To be fair, a couple of things that traditionally make it to the Thanksgiving table are worthy of the occasion: mashed potatoes and pumpkin pie. Even my brother, who loves Vienna sausages on saltine crackers and prefers Totino’s pizza over the best pies in Denver, cannot ruin mashed potatoes. I’m not talking about anything that comes from a box, can, tube or plastic container. Just russets or reds, boiled and befriended by some butter, salt, pepper and milk, make the whole world and Thanksgiving dinner a better place. If you’re talented and understand just how much horseradish, roasted garlic or even basil keeps from becoming a nuisance, then all the better. And for dessert, winter squash made into a sweet custard resting in a buttery crust is an autumn natural, that day or any other.

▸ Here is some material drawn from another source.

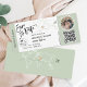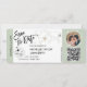 Passagem de Embarque para Casamento na Praia Destino Bilhete de Save the Date Dourado com ícone de coração e avião com mapa mundial de arte de linha minimalista simples e cor de fundo verde musgo. Adicione seu código QR

And that’s where I’m going to change your life. The solution to all of Thanksgiving dinner’s woes are revealed in the answer to these two easy questions: If Thanksgiving dinner is so fabulous, why is it we only suffer through it once a year? And on your birthday, on your anniversary, at graduation, on the night of your wedding, when your best friends in the whole world come over, is this what you would choose to eat?

I didn’t think so. So do yourself, your friends and your family a huge favor. Order tamales today. Call the butcher to get that prime rib. Eat those steaks you miss from this summer. Have pork tenderloin roasted in rosemary, pears and balsamic vinegar. Have a pancake dinner. Anything but that repugnant bird. Unless of course you really like it, and then you’re probably from New York City.

And off to shop for the stuff to make my famous cranberry-salsa-and-melted-ice-cream relish, I’m outta here.